Our global growth office will strengthen our marketing capabilities, deploy our superiority model, coordinate R&D investments and formulate disruptive innovation. Our global omnichannel office will deploy and evolve our go-to-market strategy, run our perfect stores initiatives and manage our away-from-home playbook.
Investing in this discipline allows us to leverage centralized expertise and resources around the world. It will help drive growth and disruptive innovation across the businesses while optimizing what we’re able to offer our customers and consumers.
We have divided our previous international selling into three zones, Europe and Pacific developed markets, West and East emerging markets and Asia. These markets require localized sets of strategies and skills, but with the support and scale of our global offices.
With the new structure in place, we have assembled a group of diverse, proven, experienced leaders to guide our strategy. I am thrilled to welcome Pedro, Willem, Bruno, Cory and Diana into their new roles. And what makes me incredibly proud is that all five were internal promotions.
This reflects the quality of our talent and focus on people development and showcases our company values. We champion great people. I am confident these leaders will power our growth and we set our course to lead the future of food.
Our people are the final and most important part of our culture. With the right structure of leaders in place, our diverse and engaged people grow along with the company as we execute against our goals.
Another one of our company values is we demand diversity. It’s not a slogan, it’s who we are. And we are on an ever-ending journey to better reflect the consumers we serve and communities where we operate around the world. Our people are more engaged than ever.
And in 2023, we had our highest employee engagement score yet. Not only are we improving relative to ourselves, but we are also above the external benchmark for overall engagement. We’re also committed to making sure our people can soar as high and as far as their ambition takes them. We are proud to be in the top quartile on key cultural attributes, including career, growth, inclusion and empowerment.

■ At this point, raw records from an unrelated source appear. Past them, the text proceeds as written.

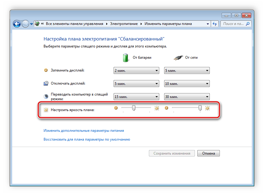 В Windows также есть настройки электропитания, которые позволяют задать яркость и установить время работы устройства в зависимости от того, подключен он к сети или к аккумуляторной батарее.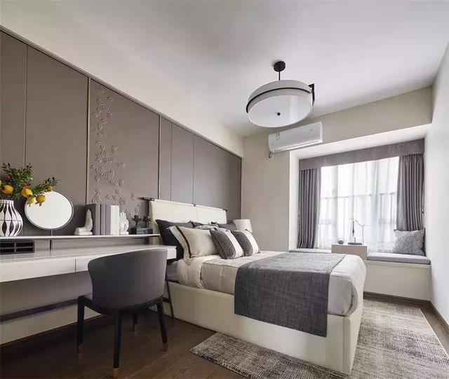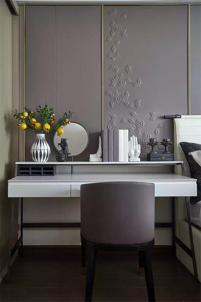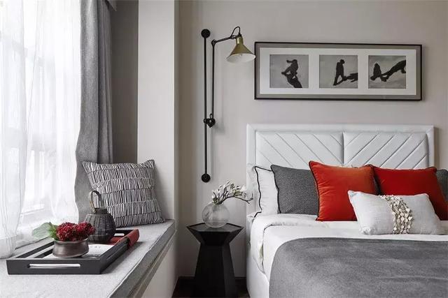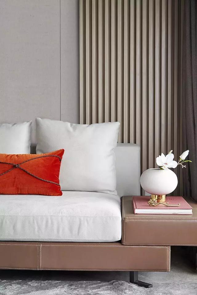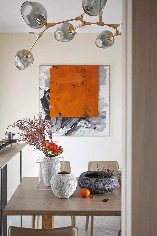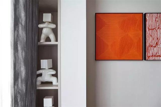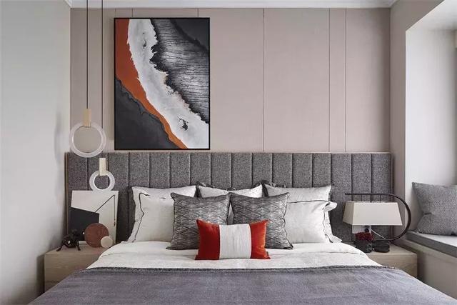 米白色、灰色、朦朧橙......這些色彩在臥室中“不期而遇”,深灰色床頭與素白色的絲光床品,極富質感的搭配,使空間多了一份理性的冷靜。墻上的掛畫為空間增添了趣味,沒有多余的花樣與紋飾,純粹的、極富現(xiàn)代感的氣息撲面而來。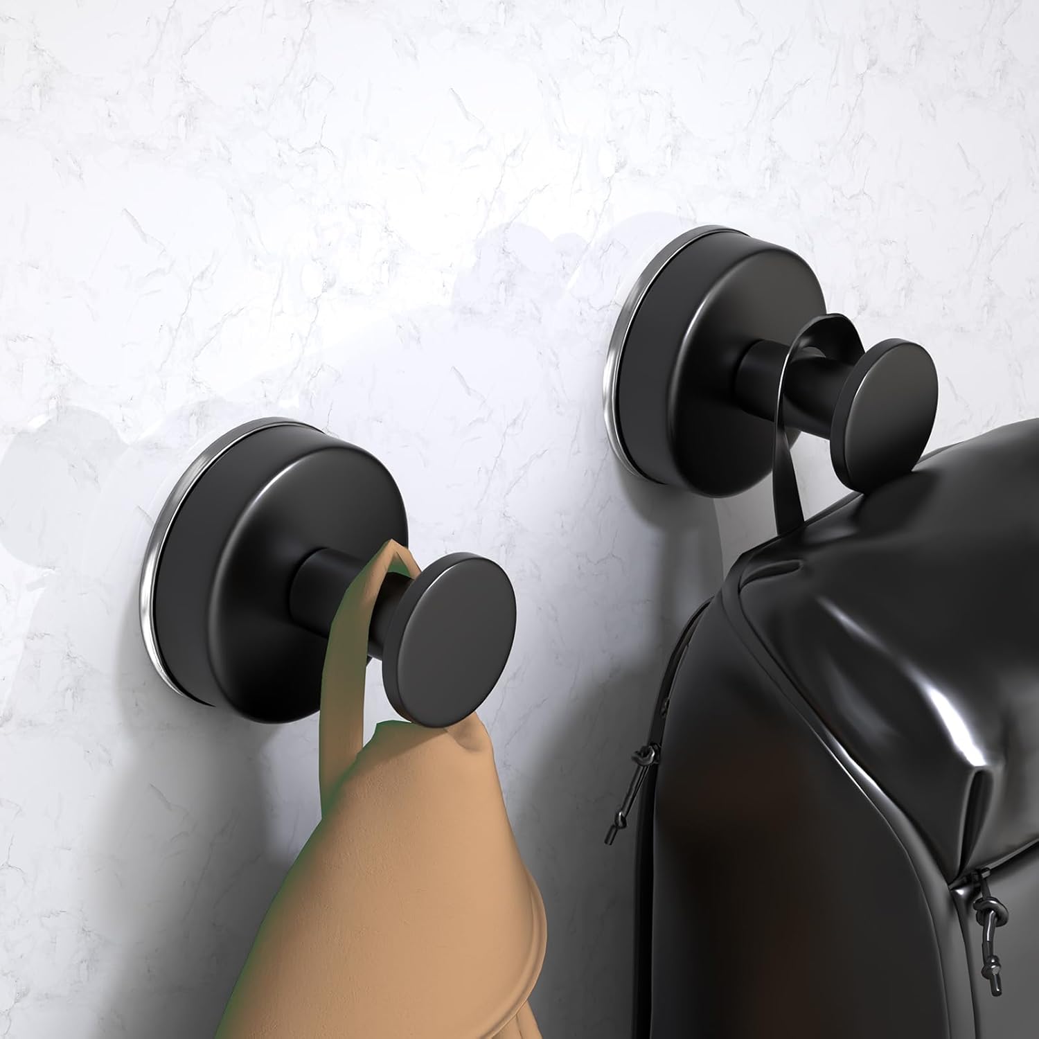 Suction Cup Hooks for Shower, Towel Hooks for Hanging Towels, Robes, Bath Balls, Stainless Steel Shower Hooks for Bathroom Wall, Glass Door, Kitchen, Mirror, Tile (2 Pack,Black)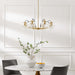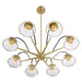 The Hanna 8-Light Chandelier brings relaxed grandeur into your living, bedroom, dining room, or kitchen. The organic intrigue of this satin brass chandelier delights as much as it illuminates. Glass globes suspended in satin brass rings extend from a star-shaped constellation of rods and convey movement and light in this enchanting hanging light fixture. This globe chandelier requires professional installation and is compatible with dimmer switches (not included). Hanna Pendant Light requires 8 E26 bulbs, 25W max, G45, or LED equivalent (not included).
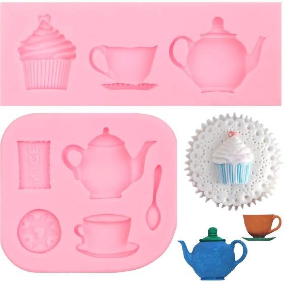 Tea Party Silicone Molds 2 Pcs, Afternoon Tea Chocolate Fondant Mold for Cake Decoration, Candy Sugar, Cupcake Topper, Cake Pop, Popsicle, Polymer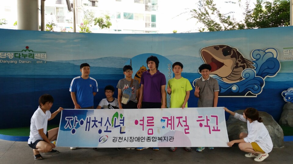 | 김천시장애인종합복지관(관장 박선하) 장애청소년 7명은 8월 10일(목)과 11일(금) 양일간 충북 단양군 일대로 극기캠프 및 체험학습을 진행했다. 일상을 벗어난 야외 활동을 통해 장애청소년들에게 대인관계․사회관계․인간관계 개선 및 교육의 기회를 제공하고, 도전정신 함양과 자립심 향상을 위해 캠프를 실시하게 되었다.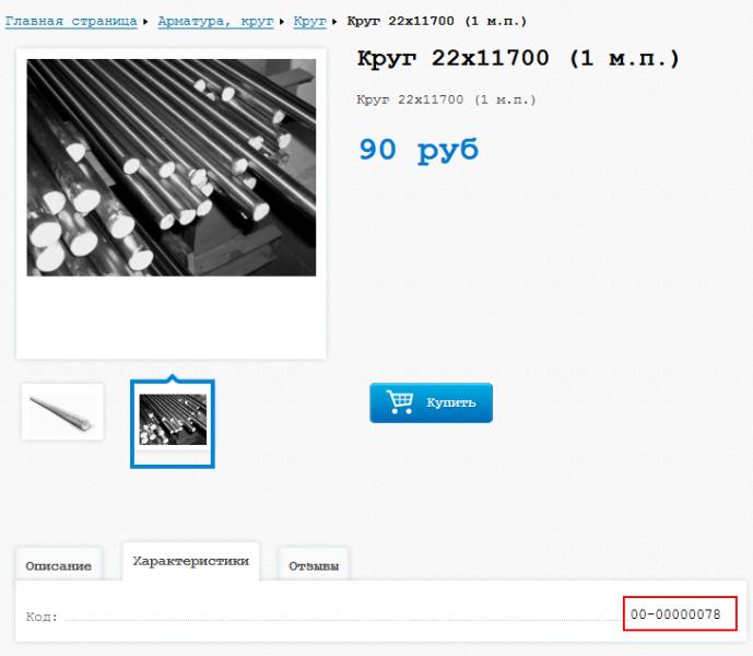 Например, код товара из 1С можно записать в отдельное свойство, чтобы оптовые партнеры или сотрудники могли быстро по коду найти товар.

We set out on a journey of transformation about four years ago and since then, we have taken game-changing steps in turning Kraft Heinz around. There is so much more opportunity ahead. As we focus on the most attractive consumer spaces, categories, market and channels, we are making the right investments across our brands, marketing, innovation and sales to capture these opportunities. And most importantly, we have ownership-centric culture and the right structure, leaders and people in place.
Now, like any great recipe, we got the ingredients in place for us to complete our success. With our goal to be the leader in elevating and creating food that makes you feel good now as our new North Star, we believe we have what it takes to generate consistent, top-tier TSR and we couldn’t be more excited about what’s ahead for us at Kraft Heinz.
We do hope you’ll join Andre and me and several members of our Kraft Heinz executive team for lunch. You’ll get a chance to taste some of our delicious new innovation, ask a question, put on your R&D hats, as we together will create the CAGNY 2024 Sauce of the Year!
Thank you for your attention and time today and for the interest in Kraft Heinz. But before we break, let’s hear from the legendary James Beard Award-Winning Chef, Marcus Samuelsson, who we partnered with to curate today’s lunch. Play Chef Marcus’ video, please.
[Video Presentation]
Andrew Lazar
Great. Thanks so much, Carlos and Andre. I think what we’re going to do now is, we’re going to head straight out to lunch, where management that Carlos talked about will all be out there at the various tables. And please join me again in thanking Kraft Heinz for lunch today.